In other words, there was no reason for why Yukari should feel like someone had just slashed all of her veins from the inside.

“It would surely have the most magnificent blossoms of all,” Yuyuko mused, continuing to smile in spite of Yukari’s silence. Her voice was unchanged from life, even if the dreamy, vague tone hadn’t been typical of her in the past. “What a shame. It’s fortunate we have so many other trees to enjoy, at least.”

Yukari found her voice. “You seem very at ease for a ghost.”

“Yes, rather. I must have had many lingering regrets to remain here, but here I stand with little notion of what they may have been. Not that I mind.”

With that, Yuyuko’s attention returned to blossomless branches.

That could have been the end of it. Yukari could have accepted the situation for what it was and left Yuyuko behind, secure in the knowledge that what awaited her was better than a lifetime of fear and loneliness.

Instead, she found herself speaking once more. “Do you remember me?”

Yuyuko turned and tilted her head. A thin frown crested on her face just for a moment before her perfect calmness re-asserted itself. “Possibly. At least, I feel that I could hazard a guess. Perhaps after we find a suitable place to sit down we can entertain ourselves by trying to guess each other’s secrets.”

Yukari watched this new, breezy, strange Yuyuko and saw instead a face wet with tears, wreathed by hair clustered into clumps.

“You must go. I was selfish to ever think I could live with another person. If you don’t leave, you too will…”

“Yuyuko.” It was all she could think to say, only she didn’t think it: the name escaped on its own, maliciously prolonging the encounter.

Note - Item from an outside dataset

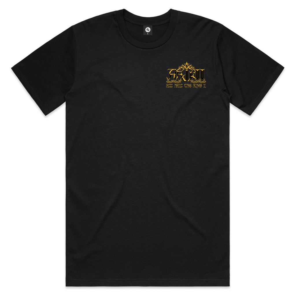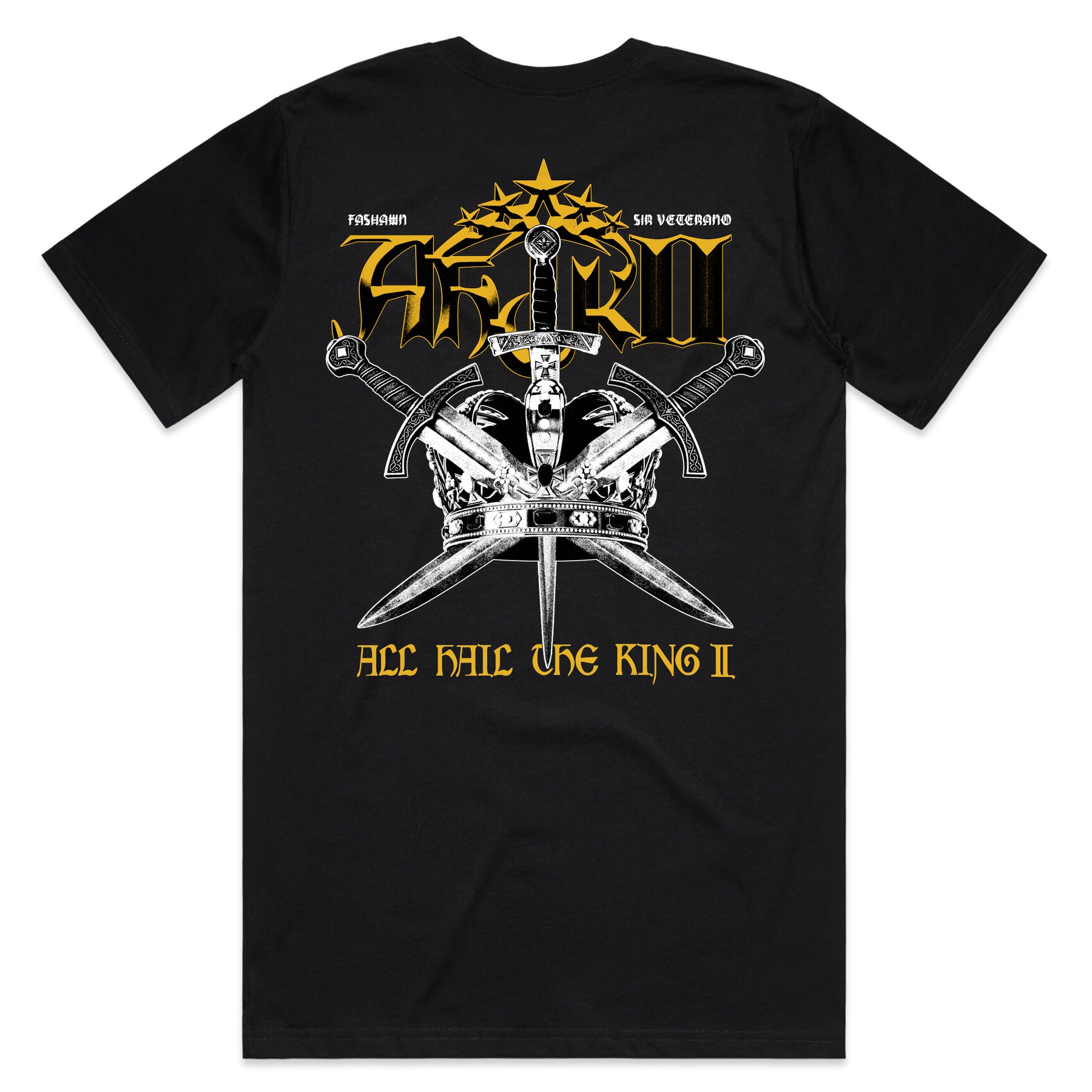 Official "All Hail The King II" apparel. Screenprint front and back on premium heavyweight tee. Design also available in white t-shirt.

Yuyuko faced her, unconcerned by the lack of title or honorific, unconcerned even by Yukari’s knowledge of her name. Her eyes were a marginally redder hue of brown than they had been in life. They had been entirely altered.

Yukari searched for something to say and found only further memories of a figure huddled tiny by guilt and winter’s chill alike — a winter which had only just ended, but which Yukari had experienced as another person altogether.

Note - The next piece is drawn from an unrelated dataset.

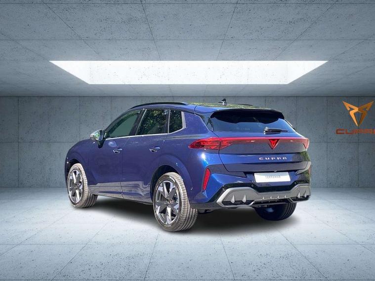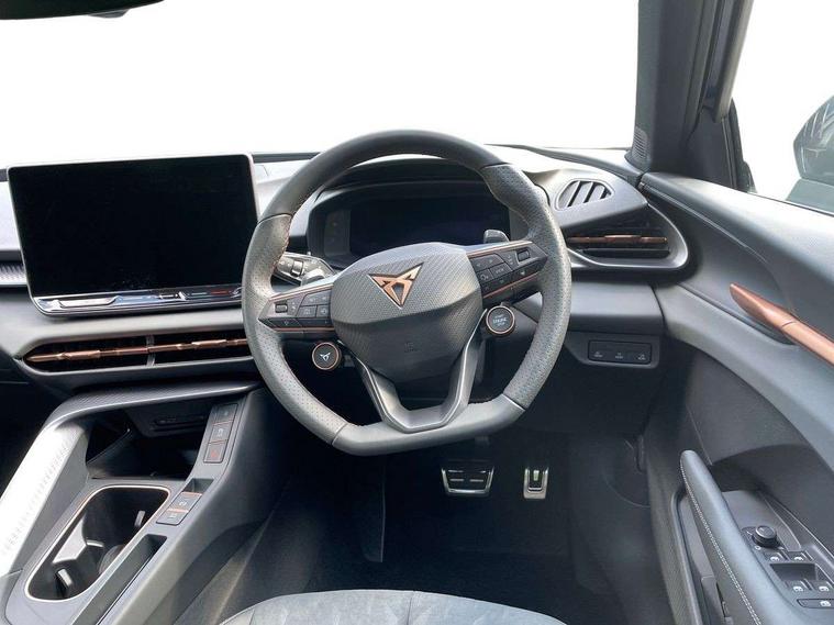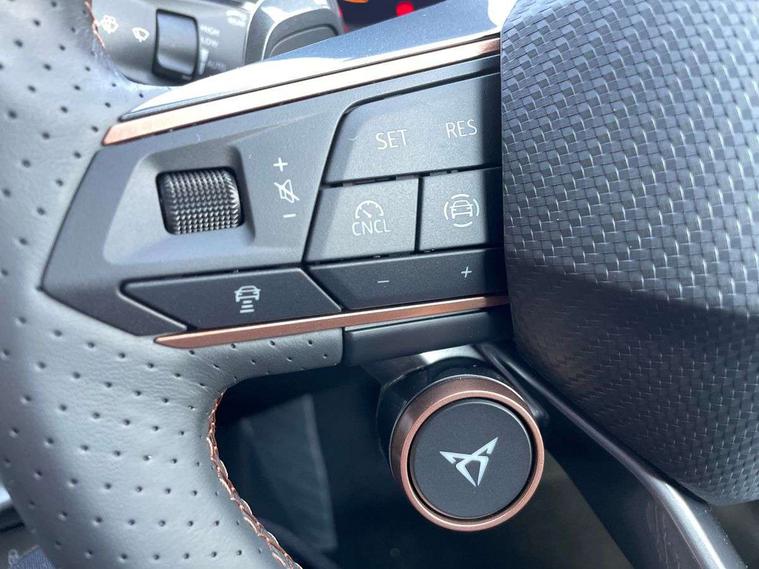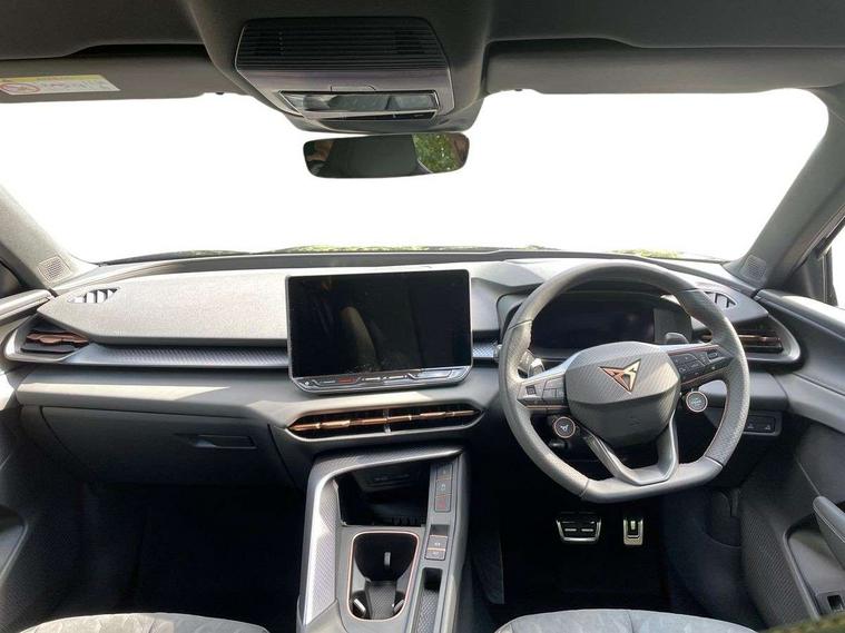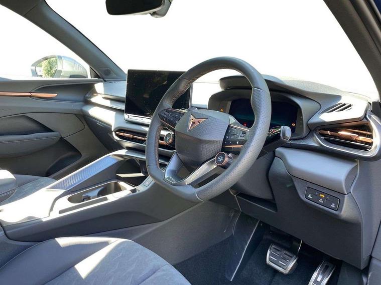 10.25" digital cockpit and configurable dashboard, Adaptive cruise control with follow-to-stop and speed limiter, Advanced driver alert system, Advanced lane assist with semi-automatic vehicle control in a medical emergency and traffic jam assist, Driving profile selection and conventional shock absorber, Dynamic road sign display, E-call, Electric tailgate with virtual pedal, Emergency steering support with turn assist, Front and rear parking sensors, Front assist (Forward collision warning with automatic braking) with multifunction camera and front cross traffic assist, Head up Display, Intelligent park assist, Media system with Nav - 12.9" touch display, voice control, full link phone (wired/wireless), DAB and Steering wheel mounted controls, Rear traffic assist, Side and exit assist, Speed sensitive power steering, Start/stop system with regenerative braking, Top view camera (front camera, rear camera, 2 side cameras), Wireless phone charger, Auto dimming rear view mirror, Black roof rails, CUPRA 3D rear lights with ceremony & swiping indicator and illuminated logo, Dark tinted rear windows, Daytime running lights with automatic headlight control and Coming and Leaving home function, Door mirrors with memory function and lowing function on passenger mirror, Dynamic headlight range control, Electric front/rear windows, Electrically adjustable, heated and folding door mirrors, Front fog lamps with cornering function, Heat reflecting windscreen, High beam assist, LED headlamps with signature "CUPRA LED", Rain sensing wipers, Rear fog light on one side, back up light on both sides, Rear side wing doors, Rear wash/wipe, Third brake light, Welcome lights (within exterior mirror housing), 3 seat bench in 2nd row, Black roof lining, Cupra sports pedals, Dinamica cloth upholstery, Driver seat memory function, Electrically adjustable front seats including lumbar support, Four x USB Type C ports (2 in front and 2 in rear), Front and rear head restraints, Front and rear reading lights X 4, Front centre armrest, Heated front seats, Heated leather wrapped multi function sports steering wheel with tiptronic, Illuminated interior front door sills, Isofix, Operating voltage 12V, Single front passenger seat, Smart wraparound interior lighting, Sunvisors with illuminated mirror, Three zone climate control with control panel in rear, Unsplit rear seat bench, split folding backrest, with centre armrest, Variable luggage/load compartment floor, 3 point seatbelts in front with pretensioner and electric height adjustment, 3 point seatbelts on all rear seats, Brake control system - ESC and brake booster, Child proof door locks, Driver and front passenger airbags, Electronic parking brake, Front and rear disc brakes, Front interaction airbag, Front passenger airbag deactivation switch, Front side airbags with curtain airbags, Pre-crash front and rear seat belt tensioner, window closure and hazard lights, Tyre pressure monitoring system, Visual and acoustic seat belt reminder, electric contact in front and rear, Anti theft alarm, Keyless locking and starting system with keyless access, Locking wheel bolts, Black decorative trims, Chrome interior detailing, 19" Spectrum exclusive machine alloy wheels, Tool kit,

“But I’m still selfish. I still cannot let you go.”

“Please, stay with me. For one last night.”

“Before it’s too late.”

She reached for the boundary between the past and the present, and Yuyuko came back into focus. The current Yuyuko, the one whose eyes were so close to those in Yukari’s memories and yet weren’t the same.

She looked at her in silence. The truth was that when Yuyuko had died, she had invited a part of Yukari to join her in death.

But… in doing so, perhaps Yuyuko had done her a favour.

She needed to stop thinking like a human. After all, she wasn’t one. Neither of them were. And with that thought, she smiled at Yuyuko. “I’m glad you’ve been able to discard your past concerns.”

“Thank you. I think I truly have.” Yuyuko tilted her head again, precisely as she had when Yukari had first stumbled into this garden. “Perhaps you may one day tell me what those concerns were.”

“Who knows?” Yukari found her smile becoming more genuine. “On my way here, I saw the perfect place to sit down and admire the remaining flowers.”

“Wonderful. Will you lead the way?”

Yukari wasn’t surprised when Yuyuko held out her hand. She was slightly more surprised when she herself reached out and took it.

Even so, as she interlaced her fingers with Yuyuko’s, she felt like she was coming home.

There would be a time for re-introductions, re-explanations, a rekindling of passions. Or perhaps there would be none of those things and instead a new flower would sprout from the ground left bare by the cessation of humanity.

It would be a wondrous blossom regardless, Yukari knew, finally smiling in earnest as she guided Yuyuko through the land that was at once alive and dead, changing the boundaries of the scattering of light in her eyes to the shade of the most vivid cherry blossoms imaginable.